JABAR EKSPRES – Dinas Pengendalian Penduduk Keluarga Berencana Pemberdayaan Perempuan dan Perlindungan Anak (DP2KBP3A), Kabupaten Bandung Barat (KBB) mendapat laporan kasus eksploitasi anak disertai kekerasan yang terjadi di wilayah Kecamatan Cipatat.
Kasus eksploitasi anak disertai kekerasan tersebut dialami oleh AB (13) dan AD (7) yang merupakan kakak beradik.
Kepala Bidang Pemberdayaan Perempuan dan Perlindungan Anak (PPPA) DP2KBP3A KBB, Rini Haryani mengatakan, kakak beradik itu dipaksa menghasilkan uang oleh ayah tirinya.
“Kakak beradik ini disuruh mengemis oleh ayah tirinya. Bahkan, ibu kedua anak itu yang merupakan istri pelaku juga mengalami hal serupa sampai mengalami depresi,” ungkap Rini saat dihubungi, Jumat (13/12/2024).
Seusai mendapatkan laporan, dikatakan Rini, petugas lapangan DP2KBP3A Bandung Barat langsung melakukan pengecekan ke lokasi dan menemui korban.
Hasilnya, lanjut dia, korban tinggal disebuah rumah yang tidak layak huni. Mereka hidup berempat, yaitu ayah yang merupakan pelaku eksploitasi anak disertai kekerasan, ibu serta AB dan AD.
“Kami langsung menggali informasi kenapa mereka disuruh mengemis. Selain itu petugas lapangan pun meminta keterangan dari warga sekitar bagaimana aktivitas keseharian mereka,” katanya.

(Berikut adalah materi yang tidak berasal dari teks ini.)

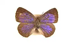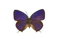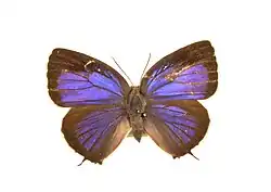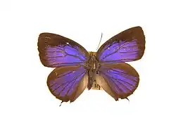 Arhopala is a very large genus of gossamer-winged butterflies (Lycaenidae). They are the type genus of the tribe Arhopalini. In the relatively wide circumscription used here, it contains over 200 species collectively known as oakblues. They occur from Japan throughout temperate to tropical Asia south and east of the Himalayas to Australia and the Solomon Islands of Melanesia. Like many of their relatives, their caterpillars are attended and protected by ants (myrmecophily). Sexual dichromatism is often prominent in adult oakblues.[1]
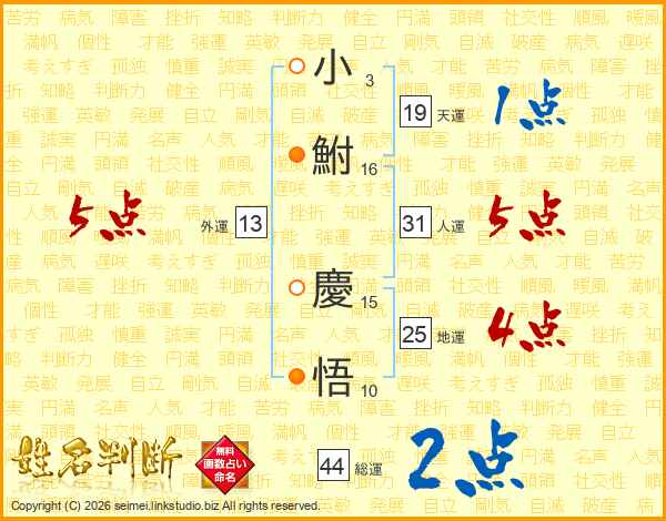 小(3画)鮒(16画) 慶(15画)悟(10画)

Menurut Rini, berdasarkan keterangan dari tetangga pelaku, ayah tiri AB dan AD merupakan Orang Dengan Gangguan Jiwa (ODGJ) dan sempat dirawat di Rumah Sakit Jiwa (RSJ) Provinsi Jawa Barat Cisarua.
Selain itu, faktor ekonomi juga diduga menjadi faktor yang bersangkutan melakukan tindakan tersebut terhadap keluarganya.
“Saya dengar si bapaknya orang dengan gangguan jiwa (ODGJ). Karena berdasarkan keterangan dari warga sekitar si bapaknya sudah pernah di rawat di RSJ Cisarua. Namun karena tidak ada biaya kembali dipulangkan beberapa tahun lalu,” katanya.
Atas perlakuan tersebut, kedua anak ini tak berani untuk pulang ke rumah. Karena jika pulang, mereka takut dianiaya oleh ayah tirinya apalagi kalau tak menghasilkan uang.
Karena itu AB dan AD kerap bermalam dan tidur di masjid hingga di kantor polisi. Sementara ibunya mengalami gejala depresi.
“Setelah menerima laporan (PL) kita langsung meninjau ke sana. Jadi memang si anak ini gak mau pulang kadang-kadang nginap di kantor polisi, kadang di mesjid. Kami memang punya rumah aman. Tapi untuk bisa mengamankan anak-anak ini ke rumah aman harus assessment dulu,” ujarnya.